Write realistically. Treat the story like an autobiography/journal. No one ends their autobiography by describing how they are going to die at the end because they don’t know how they are going to die. (Especially if it’s sudden.)

Graphic depiction of how the protagonist dies. This is the most irksome issue with journal/diary entry stories. Who, after being torn limb-from-limb, is going to drag themselves back to their computer and type their final message (likely with their nose)? What monster, after brutalizing the protagonist is going to stand aside and let them submit their final words? What protagonist is going to be calm/focused enough to type out that even through their blood loss trauma?

Once again, Lovecraft was effective in this aspect as he left a majority of the details up to the readers’ imagination. The reader knows what is going to happen to the protagonist and they fill in the blanks for what is about to happen to them. That makes it much more effective as their imaginations will be much more graphic than any description you could ever give as they are inserting their fears into the protagonist’s fate which has a much more profound impact.

  • The monster finishes the story

"If they don't like this, I'll just die of embarrassment!" ~ Ragnar the soul-flayer

This gets especially ridiculous when the protagonist stresses how they’re being hunted to keep the killer’s identity a secret. Why would the killer, after murdering the protagonist, bother to sit down and write their own message?(maybe even proof-reading and looking for applicable sites to submit it to) It's comical to imagine a monster hunched over a keyboard hunting and pecking keys while thinking of a zingy one-liner to end it all on.

Instead, imply their fate. Leave it to the audience. Better yet, don’t specifically state what happened to them; have them vanish without a trace. One of the more powerful aspects of the Slenderman mythos is that the fates of characters he spirits away are never explained fully. What is happening to them? Is he forcing them to eat the children he has previously stolen away? Is he taking them to a hellish dimension where they are forced to play Parcheesi? The audience doesn’t know and forcing them to imagine that fate of the protagonist makes it that much more impactful.


  • Put yourself in the narrator’s shoes/What would you do in that situation?

Injecting a bit of yourself into the character can create some believability in the story. It can also help you avoid issues where characters respond to situations ridiculously. How would you react to a stalker carving a message into the front door of your house? Most people would be concerned as opposed to writing it off as ‘kids playing pranks.’ Write it as if it were you responding to the situation.

  • Writer’s workshop

Every time I suggest this when I make a writing advice blog, and every time I end up deleting a story that could have had a chance at fixing their story issues had they decided to take it there before-hand. The people who will review your story have likely read hundreds of similar stories and are familiar with the tropes and clichés that a diary-style story entails.

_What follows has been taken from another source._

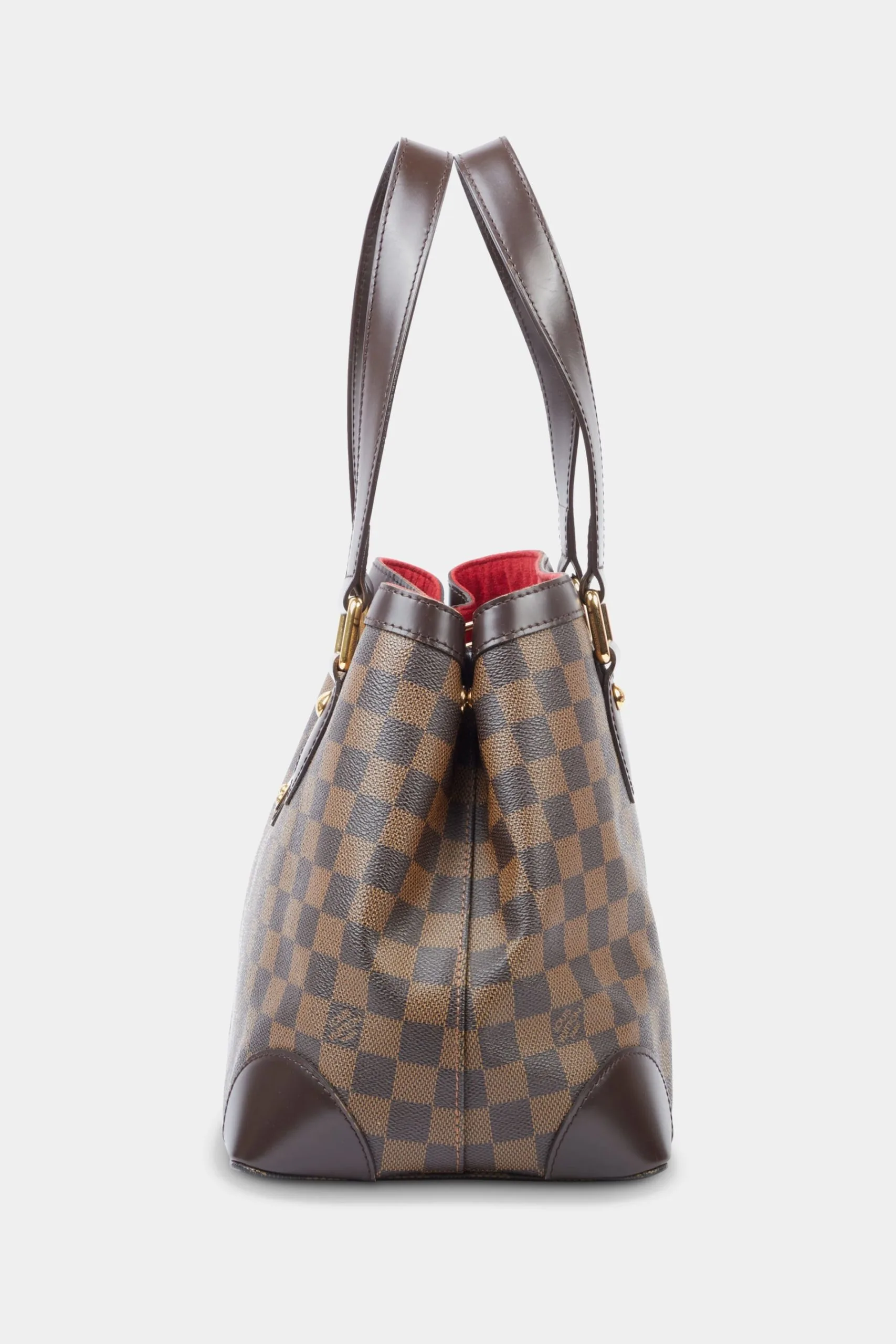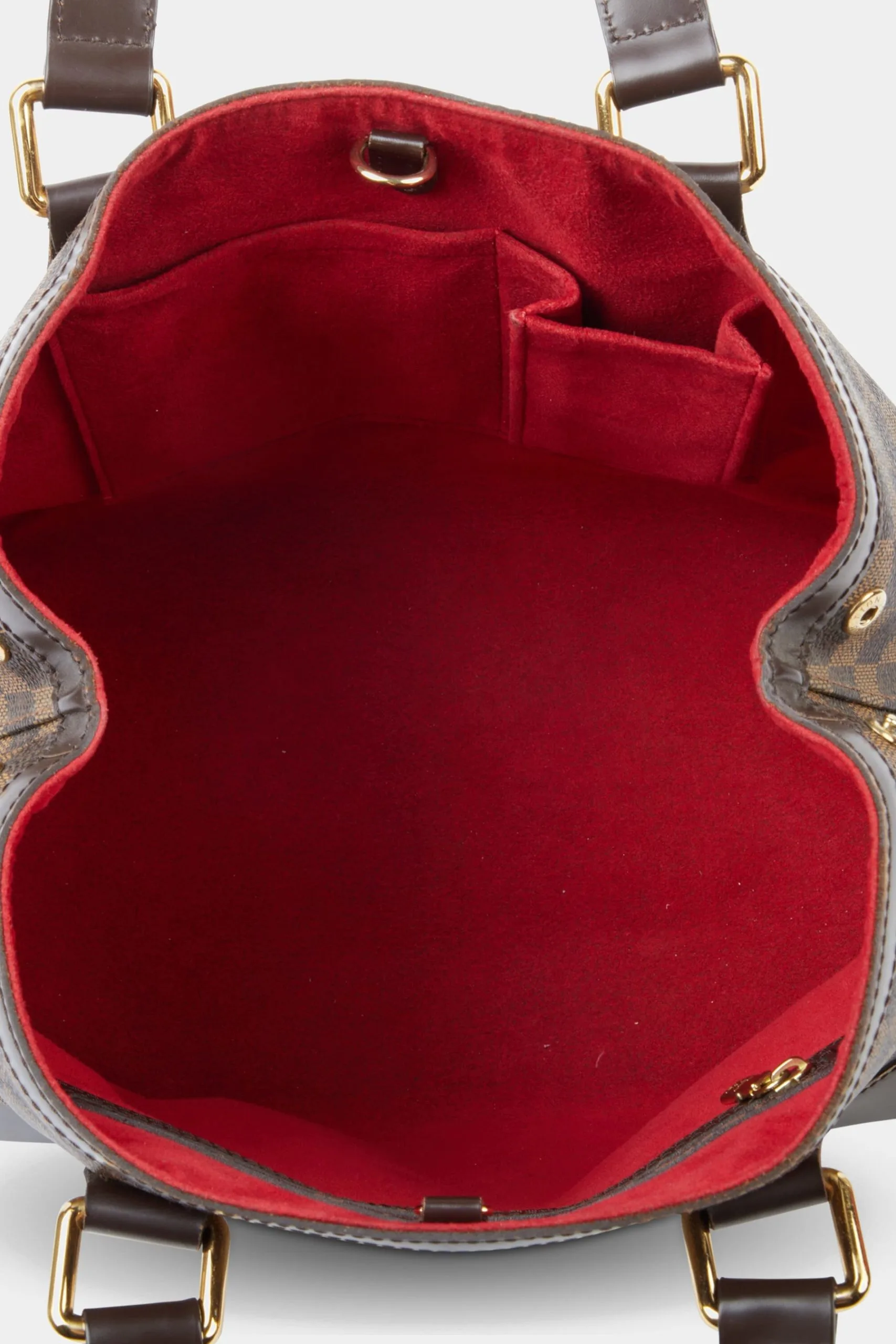Level up your closet with the luxe touch of designer handbags and accessories. The Hampstead PM is a gorgeous open-top tote bag from Louis Vuitton, crafted in the classic brown checkered Damier Ebene canvas. The Hampstead PM, named after a London suburb, is quite roomy with expandable sides that can easily carry your essentials and is adorned with a hard-to-miss golden “Louis Vuitton Inventeur” plaque on the front of the bag.
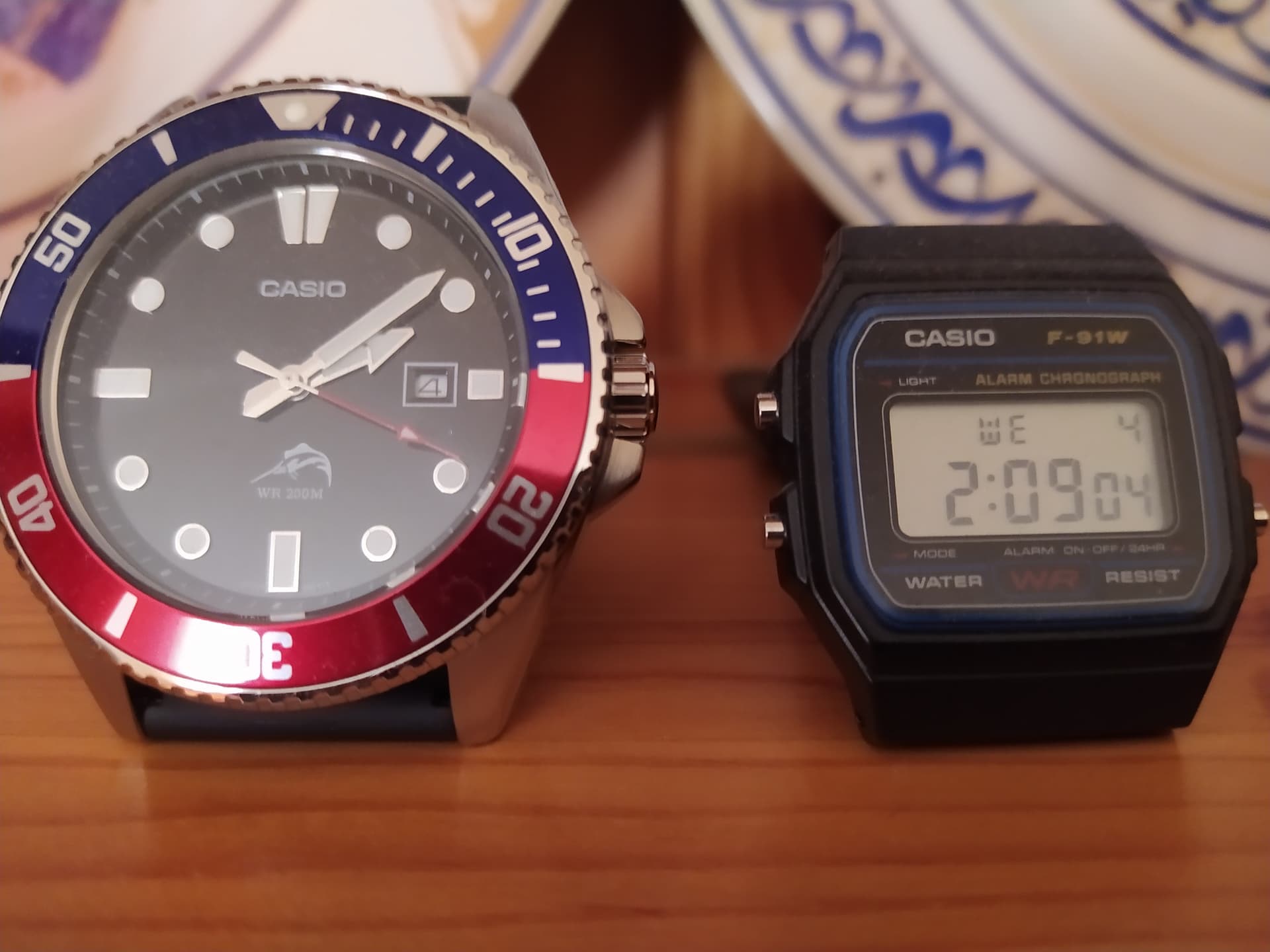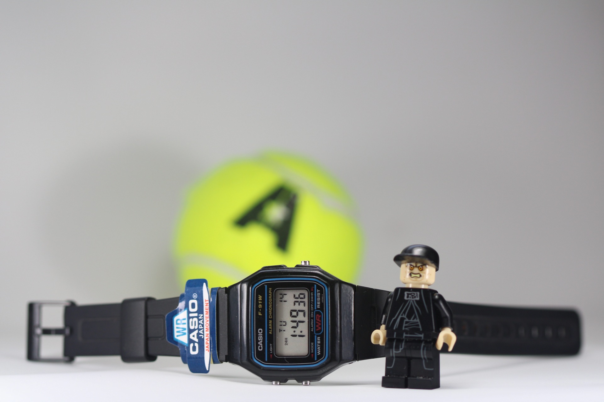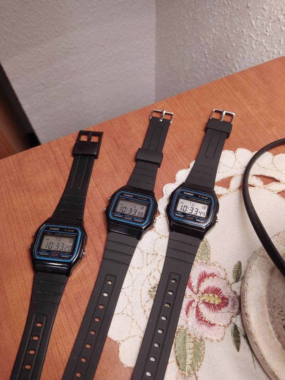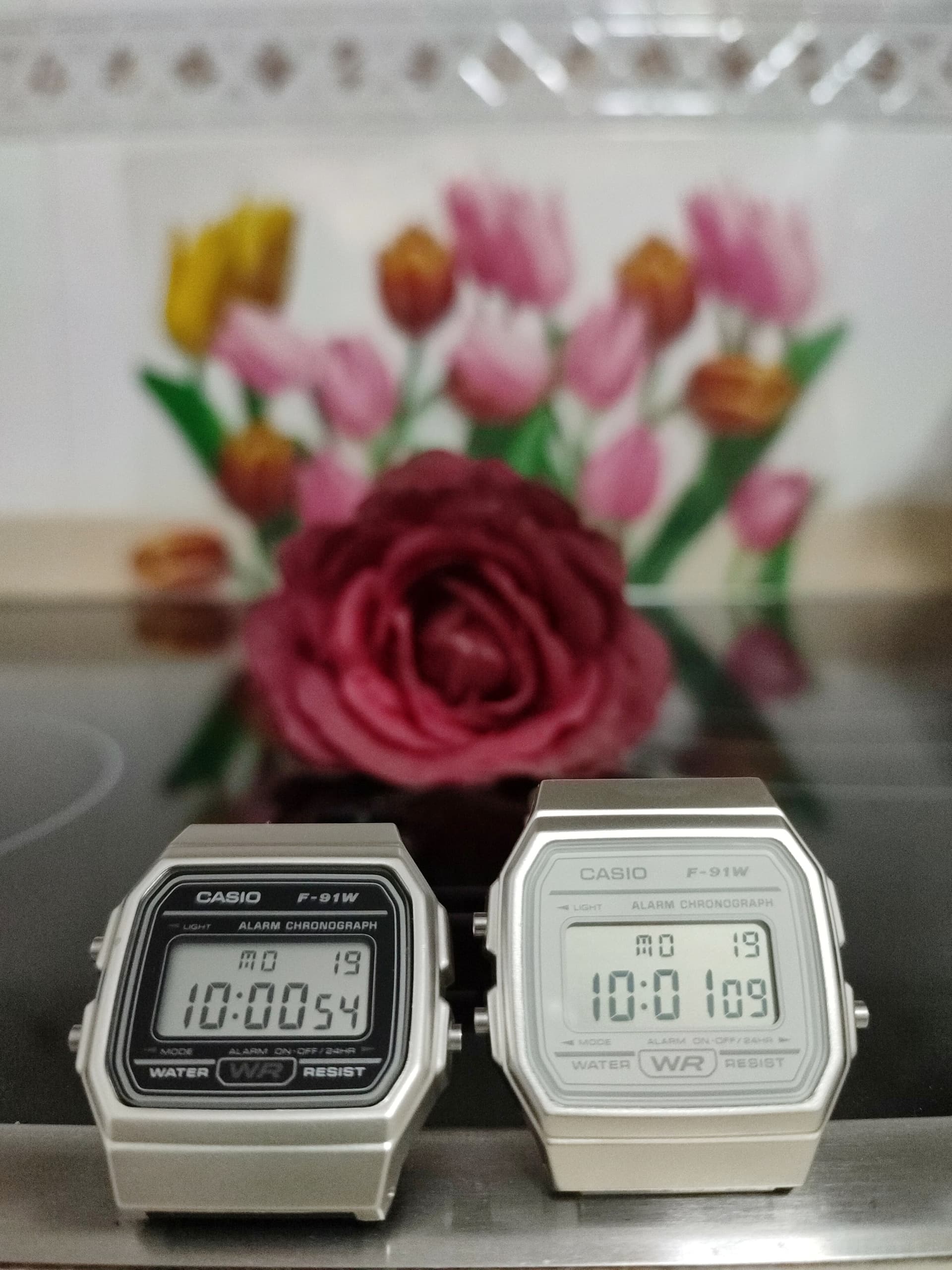 Buenos días, el Casio F-91W es el Casio más famoso de todos los F, creo que incluso ha superado al icónico F-100 pero el diseño del display y el tipo de caja está inspirado en el F-84, F-86 y F-87 y antes que estos Casio fabricó relojes que eran iguales pero no tenían alarma.

  • Read your story to yourself aloud.

It looks like this.

This will help you catch awkward phrasing issues and highlight inconsistencies in the tone of the story. Would a middle school student stop in the middle of their entry to describe the monster’s bifurcated tongue, nictitating haw, or serrated claws made for rending flesh? Likely not because they are more likely accustomed to using familiar words to describe unfamiliar objects. This can really help with description. While I can go in-depth about a man’s head splitting open and coating the protagonist in a spray of skeletal shrapnel, describing the head splitting open like a ripe watermelon paints a more evocative picture because most are familiar with a watermelon splitting while few know what a head exploding Scanner’s –style looks like.


There are a lot of benefits to writing a story in epistolary format. It is rooted in reality, it is relatable, and it can really build a good sense of atmosphere and tension. As long as you know what to focus on and what to avoid, you can really make an involving story.